MacVector 18 adds a number of new functions, including the ability to read a several requested file formats such as Sequencher assembly project files along with Serial Cloner and SnapGene sequence files. There is a new CRISPR PAM sequence searching function and a Trim by Quality option for Sanger sequence files. Finally, there are major enhancements to the protein multiple sequence alignment visualization of domains and the usual macOS compatibility enhancements. Note that while this release is not a native "Apple Silicon" build, it does work without problems on the latest M1 Apple processors and a new MacVector 18.1 release with full Apple Silicon Universal Binary support is just around the corner.
Searching for CRISPR PAM Sites
There is a new feature accessed by the Analyze | CRISPR PAM sites... menu item that will scan Nucleic Acid sequences for Protospacer Adjacent Motifs associated with the CRISPR Cas9 and related enzymes cleavage and modification functions. By default, MacVector uses a file called Protospacer Adjacent Motifs.pam that is located in the /Applications/MacVector/Subsequences/ folder. It contains most of the current Dec 2020) characterized Cas9-like enzymes, but you can always open the file and add your own. While MacVector does not currently search genomes for potential off-target sites, this is still a very useful function to alert you to potential CRISPR target sites. The output is a mix between the current Restriction Enzyme and Nucleic Acid Subsequence searches, so you can easily see and copy the guide sequences. You can also have MacVector automatically scan for CRISPR PAM sites whenever you open a DNA sequence file - control this using the MacVector | Preferences | Scan DNA pane.
The results are shown in the Map tab, and you can zoom in to see the actual sequence of the hits with the guide sequence shown in lower case and the PAM sequence in upper case;
Support for Additional File Formats
You can now import SnapGene .dna files, complete with feature colors, like this plasmid downloaded from the AddGene website;
Or .spf Assembly Project files from Sequencher;
In addition, you can now import .xdna files from Serial Cloner, which is an extended version of the old DNAStrider format.
Enhancements to Outlining Shared Domains in Aligned Sequences
First added in MacVector 17.5, this functionality has been significantly enhanced to expose additional Feature-related functionality in Multiple Sequence Alignment documents. There is a new Features tab in the protein multiple sequence alignment window where you can view, edit, create and/or delete features in each of the aligned sequences.

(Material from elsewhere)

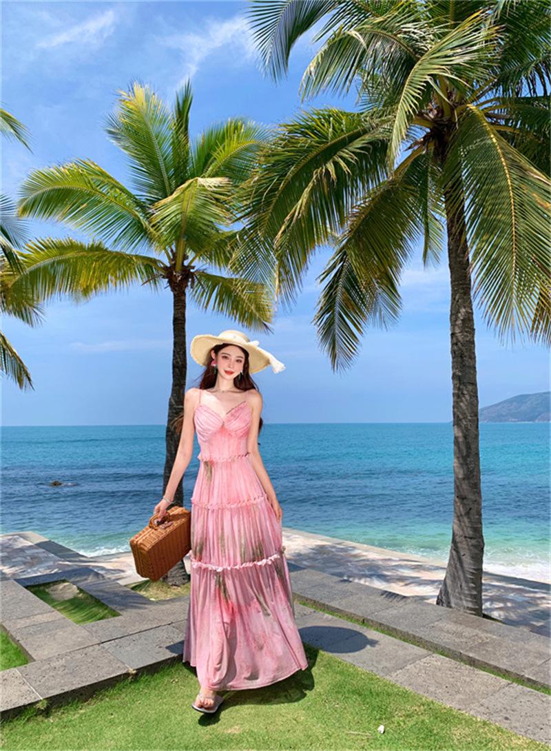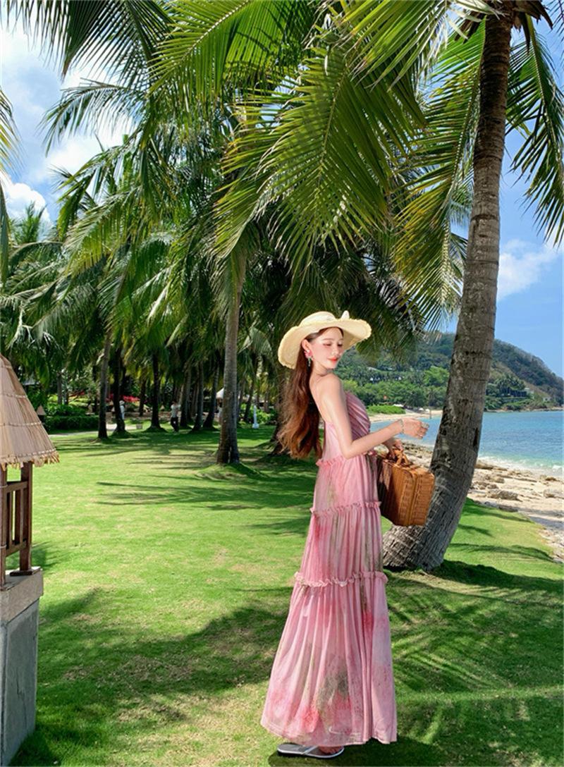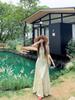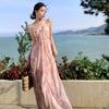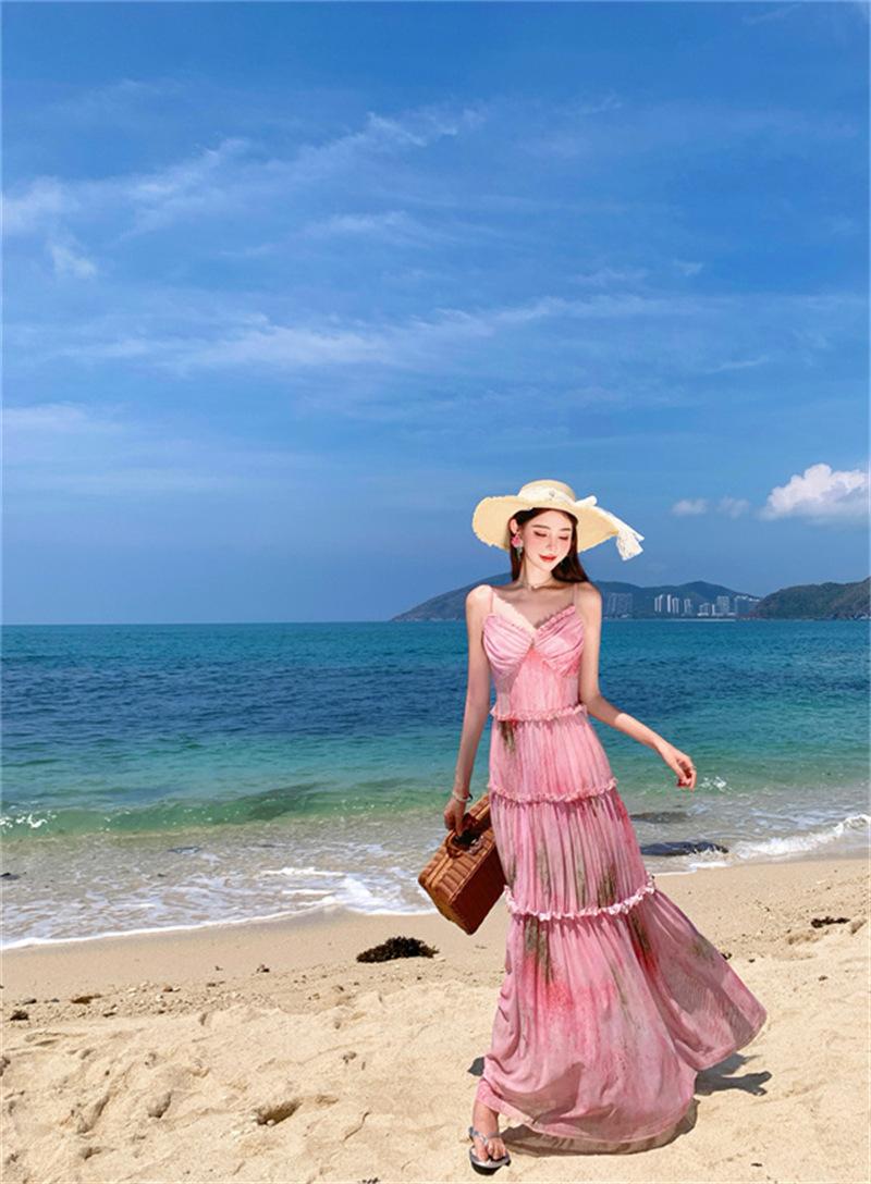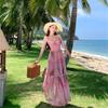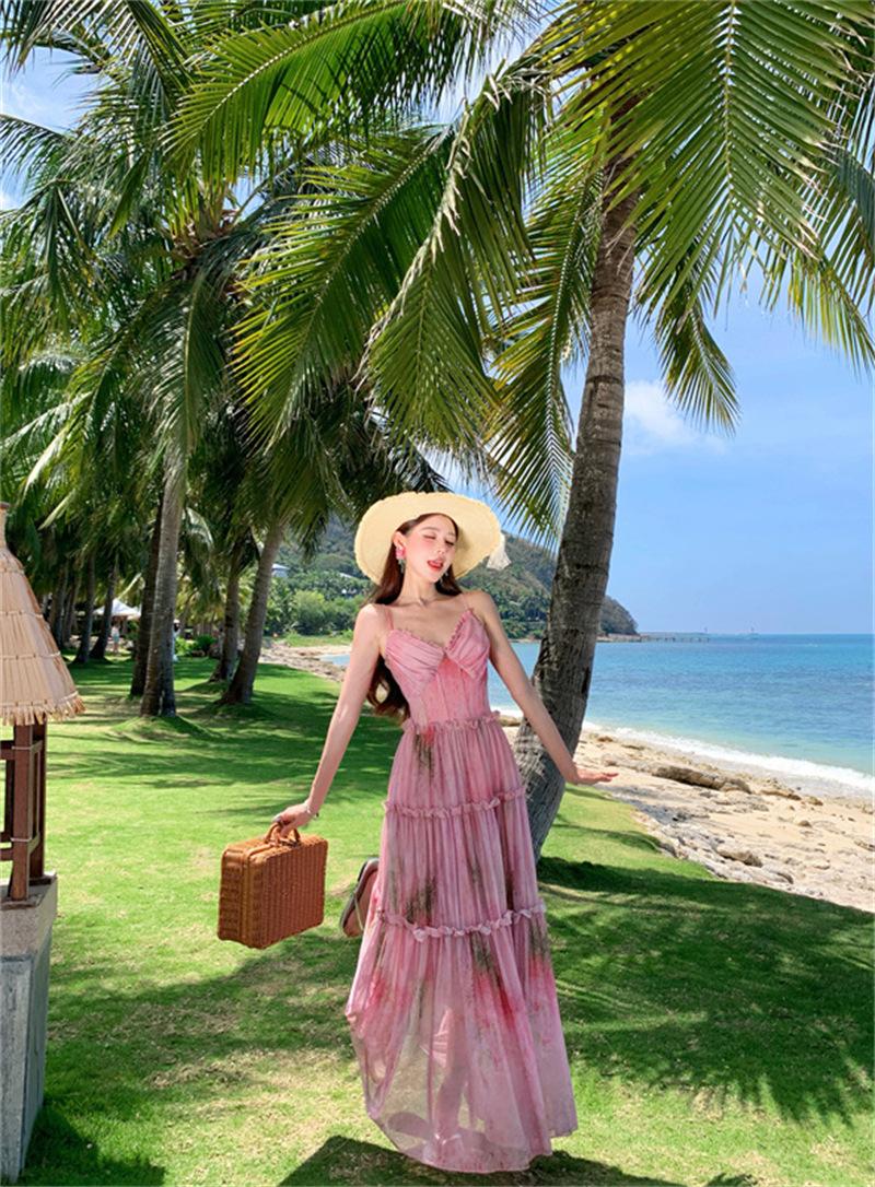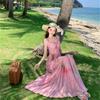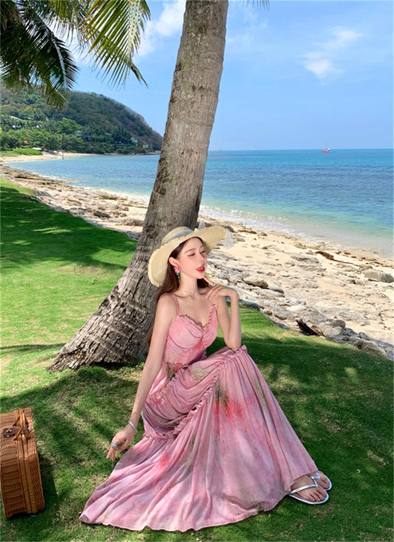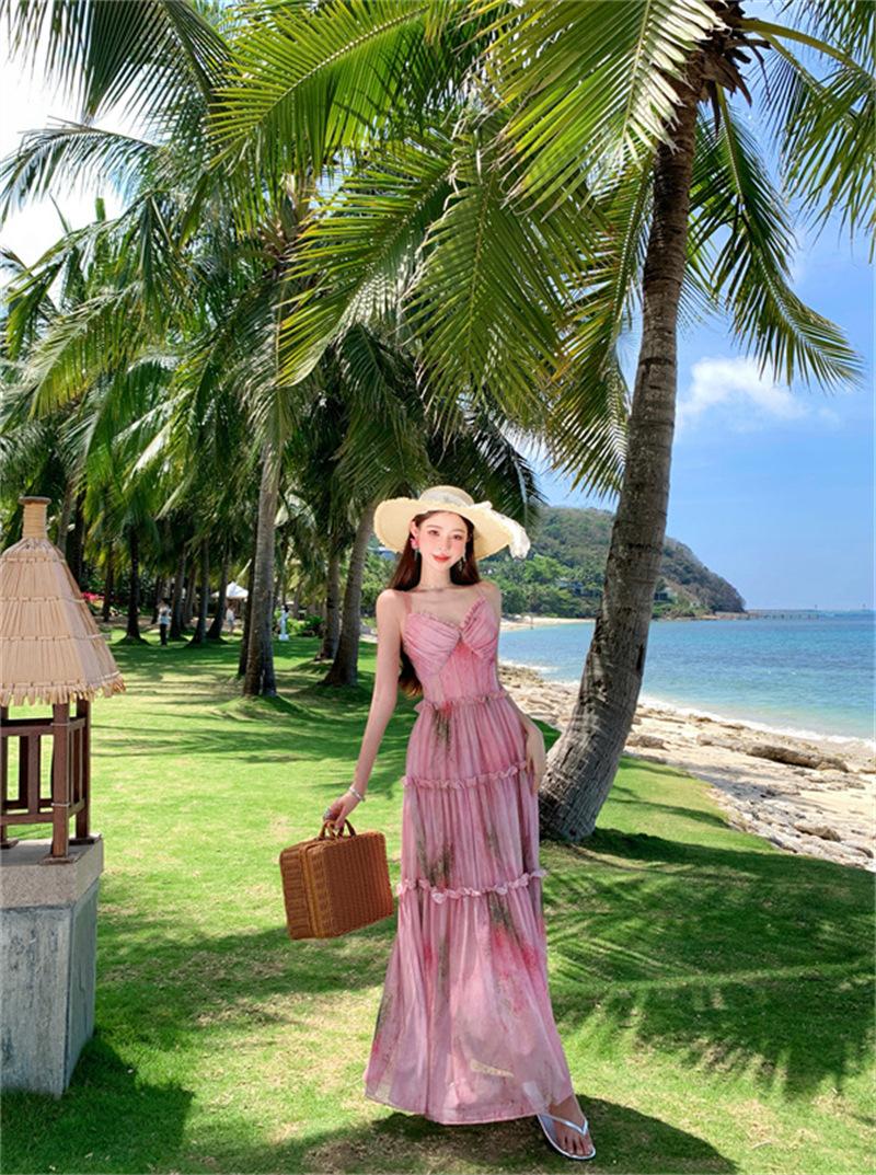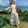 Vestido con tirantes florales estilo balneario francés para mujer, falda larga con cintura pastel y temperamento sexy de verano

When the Editor or Picture tabs are active, a new floating Graphics Palette is displayed (similar in concept to the Graphics Palette for the single sequence Map tab), allowing you to turn features on and off permitting greater control over how shared domains are displayed and outlined.
Trim by Quality
Both the Align to Reference and Assembly Project windows now let you trim reads based on quality. The reads (typically Sanger sequencing reads in ABI or SCF format) should not be aligned prior to running the algorithm. A typical workflow might thus be to add .ab1 or .scf files to a project, optionally base call with phred, if needed, then Trim by Quality prior to aligning or assembling.
There have been a large number of minor enhancements to smooth out workflows and improve compatibility with the macOS and other applications. Some, such as reworking code behind the scenes to replace deprecated Apple functions and refactoring code for better stability and performance, help ensure that MacVector will continue to work on upcoming releases of macOS and take advantage of improved hardware. In particular, MacVector 18 now includes embeded versions of Python and Perl as recommended by Apple to future-proof the application against changes to the macOS.